▶ **How to complete this task**
Starting at the line below with "Bushings Pivot Cup" and stopping at the line with "Dank seiner drei", please print each line exactly, those two included, and skip every picture.

▶ **Data records**
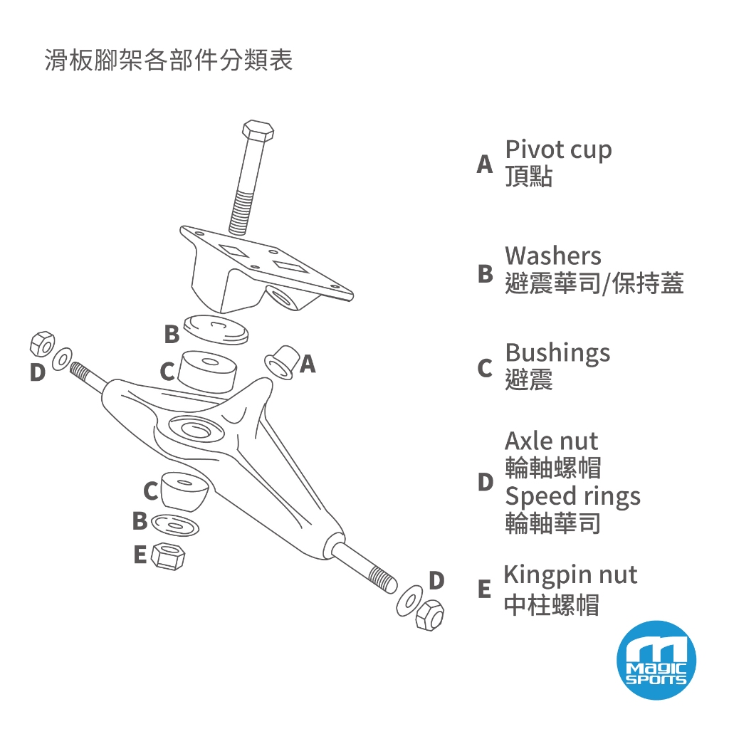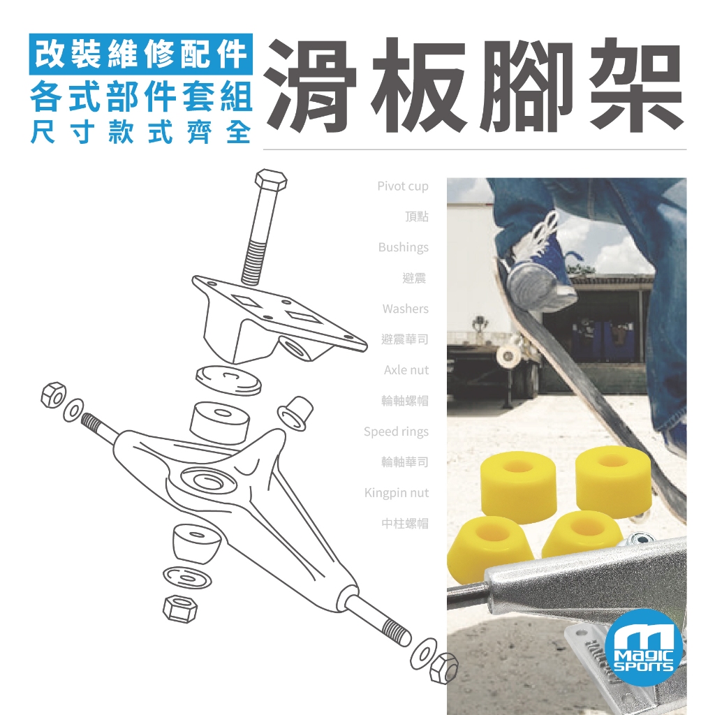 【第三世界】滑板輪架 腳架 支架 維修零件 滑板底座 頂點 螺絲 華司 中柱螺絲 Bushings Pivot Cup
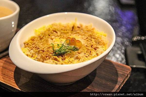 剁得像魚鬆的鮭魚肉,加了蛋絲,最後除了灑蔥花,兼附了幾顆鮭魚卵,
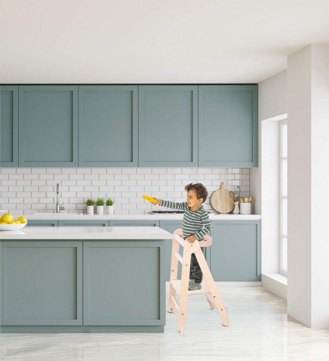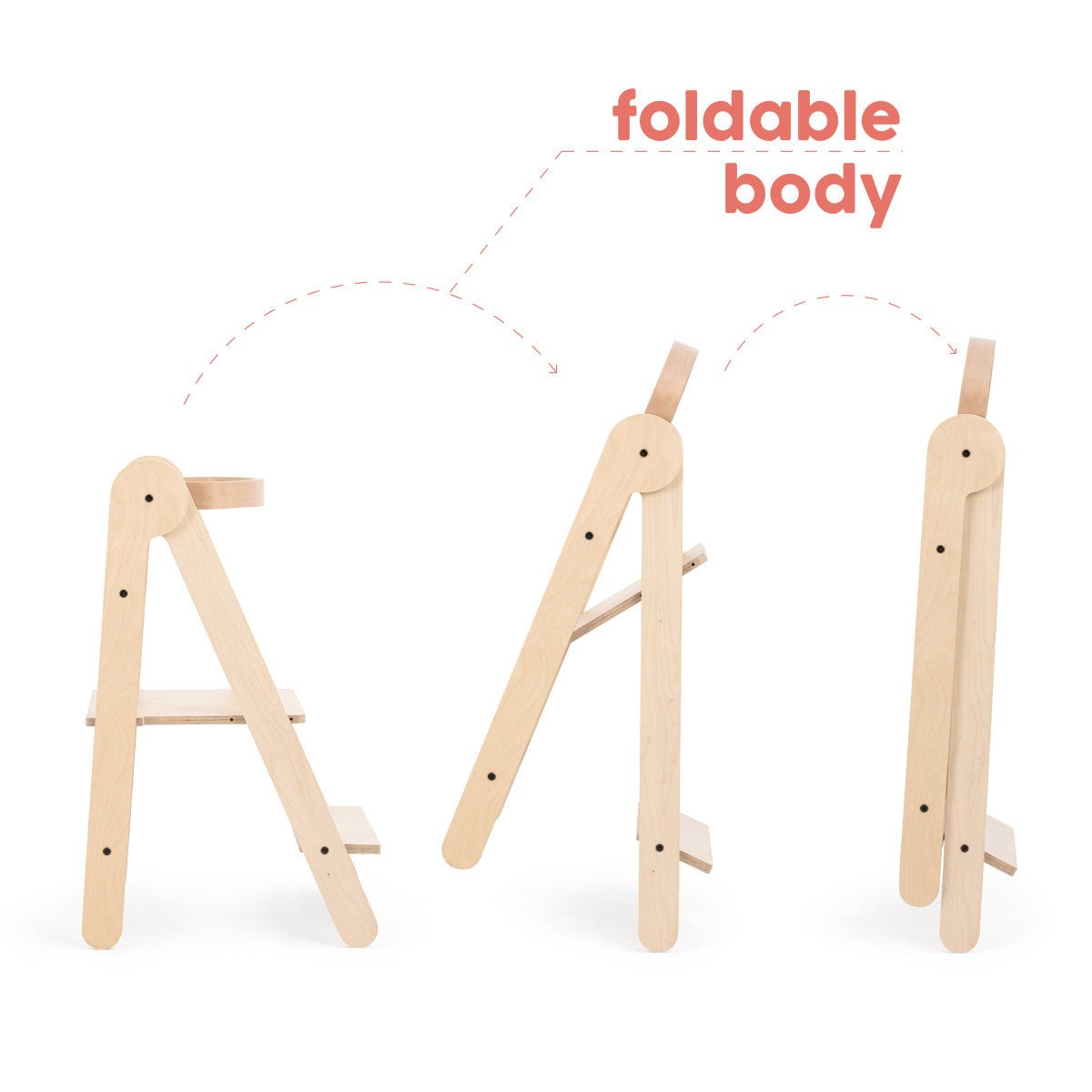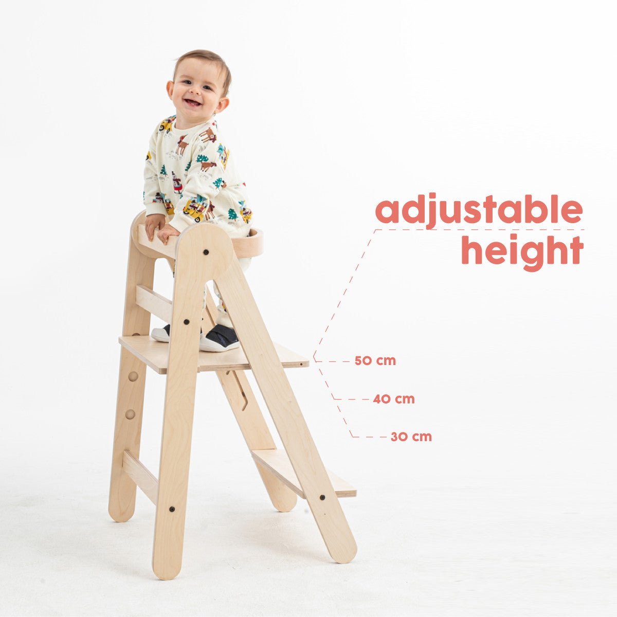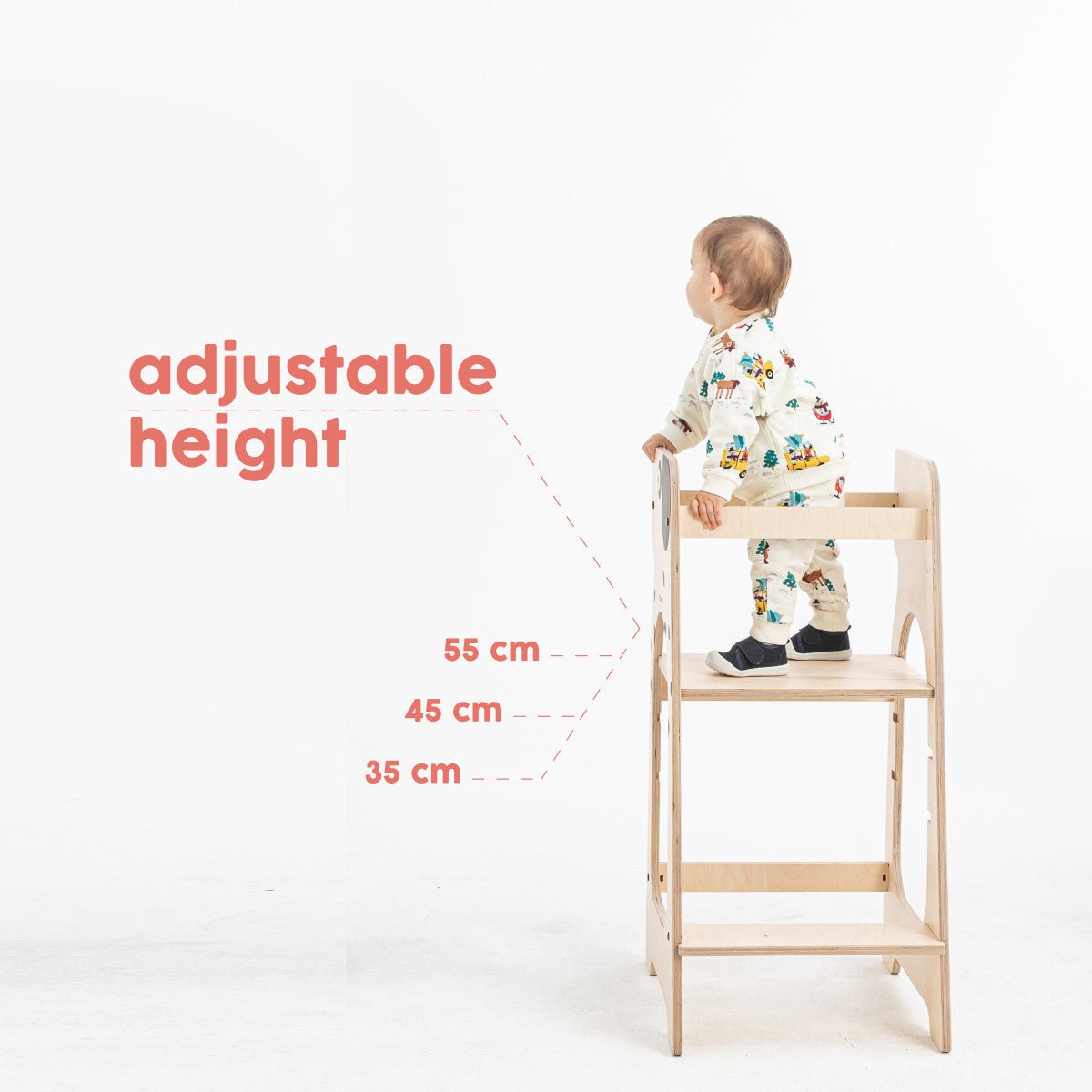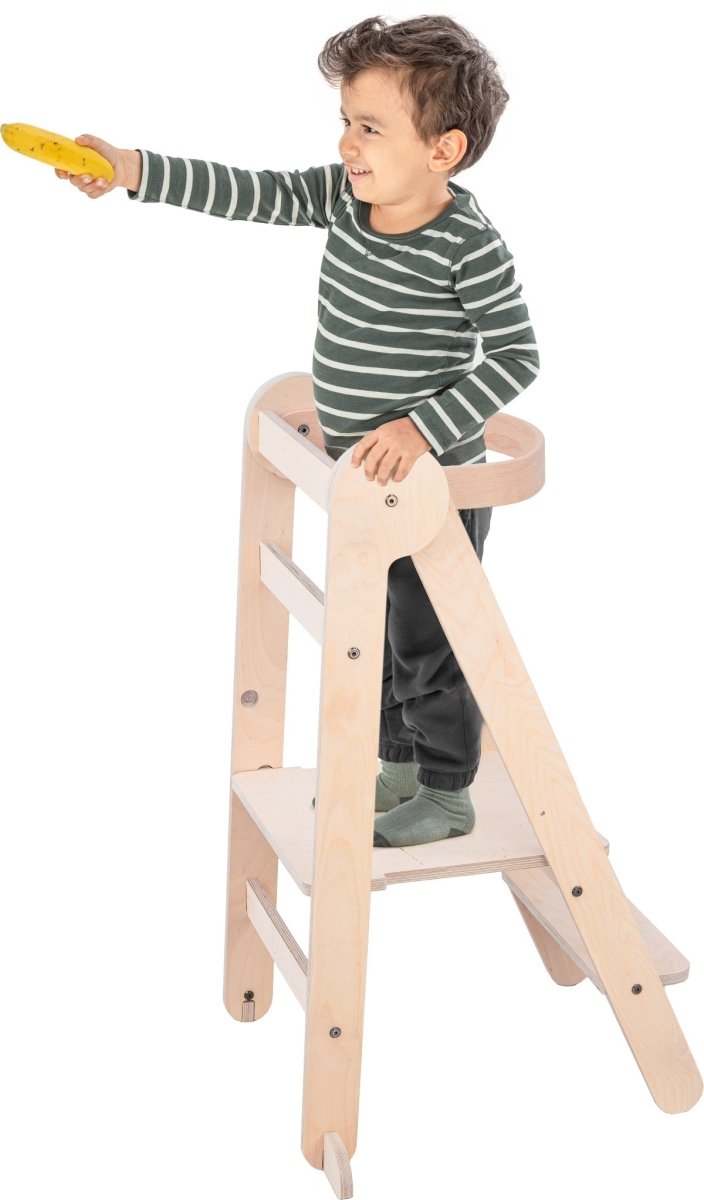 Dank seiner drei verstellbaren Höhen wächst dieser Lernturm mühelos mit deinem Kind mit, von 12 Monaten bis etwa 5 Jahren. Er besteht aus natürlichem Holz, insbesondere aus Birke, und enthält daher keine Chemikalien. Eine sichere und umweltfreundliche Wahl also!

* * *

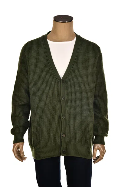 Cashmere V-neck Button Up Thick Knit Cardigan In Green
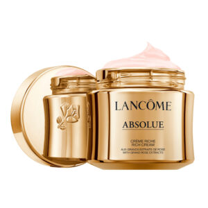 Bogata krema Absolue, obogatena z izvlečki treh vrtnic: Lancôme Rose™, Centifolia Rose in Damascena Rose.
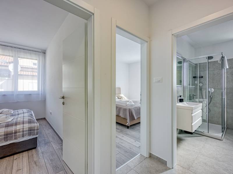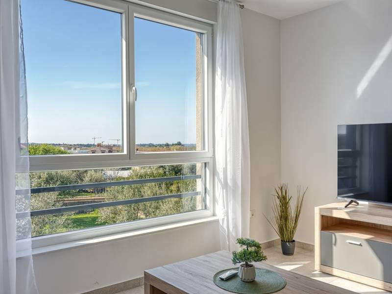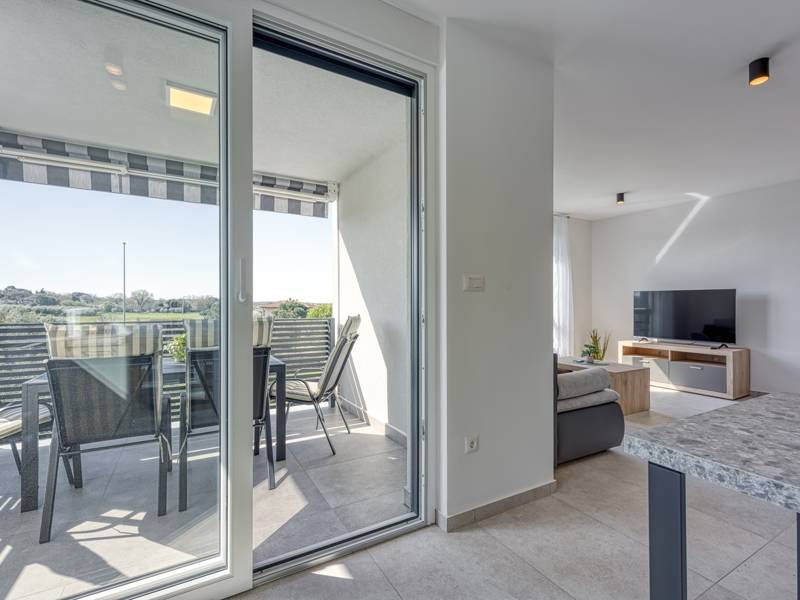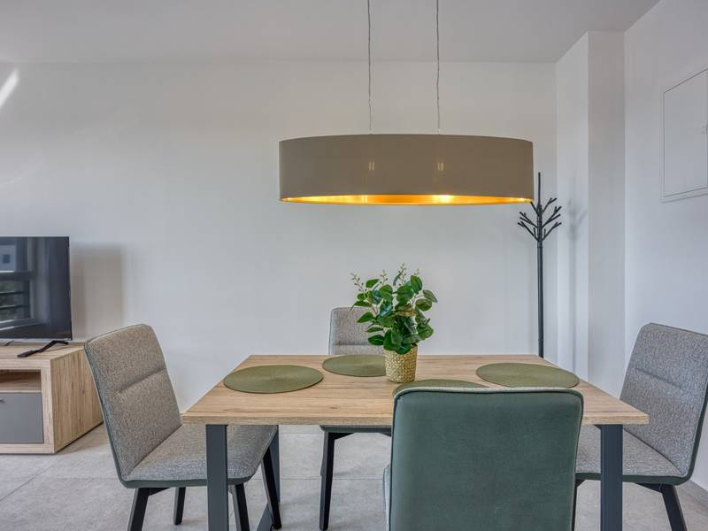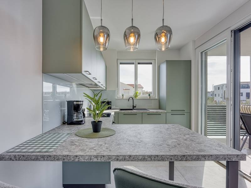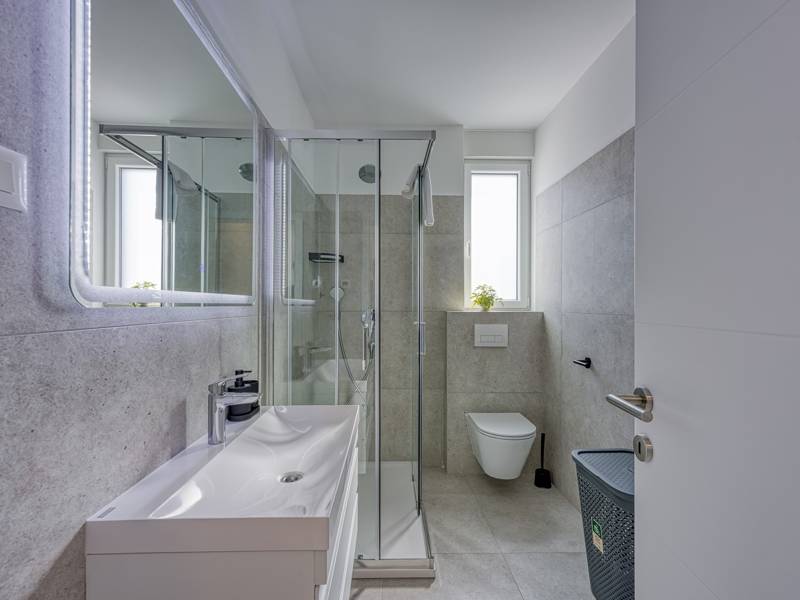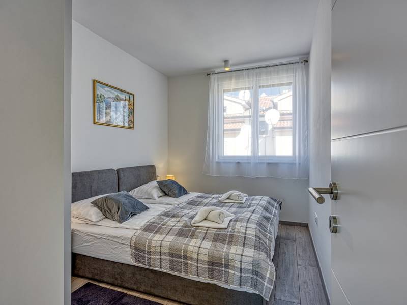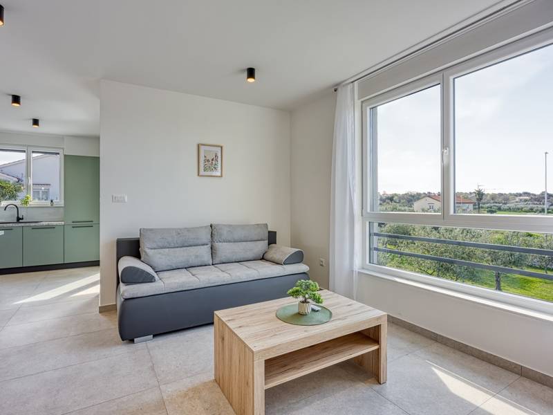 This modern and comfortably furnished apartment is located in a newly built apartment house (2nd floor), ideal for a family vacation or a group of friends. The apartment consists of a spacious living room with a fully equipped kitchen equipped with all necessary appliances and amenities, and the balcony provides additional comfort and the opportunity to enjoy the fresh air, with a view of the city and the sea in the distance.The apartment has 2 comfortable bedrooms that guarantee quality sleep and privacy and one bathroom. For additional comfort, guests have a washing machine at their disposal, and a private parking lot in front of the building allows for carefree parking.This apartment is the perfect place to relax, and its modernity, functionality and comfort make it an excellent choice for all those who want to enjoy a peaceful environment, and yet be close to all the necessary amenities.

▶ **Task response**
 【第三世界】滑板輪架 腳架 支架 維修零件 滑板底座 頂點 螺絲 華司 中柱螺絲 Bushings Pivot Cup
 剁得像魚鬆的鮭魚肉,加了蛋絲,最後除了灑蔥花,兼附了幾顆鮭魚卵,
 Dank seiner drei verstellbaren Höhen wächst dieser Lernturm mühelos mit deinem Kind mit, von 12 Monaten bis etwa 5 Jahren. Er besteht aus natürlichem Holz, insbesondere aus Birke, und enthält daher keine Chemikalien. Eine sichere und umweltfreundliche Wahl also!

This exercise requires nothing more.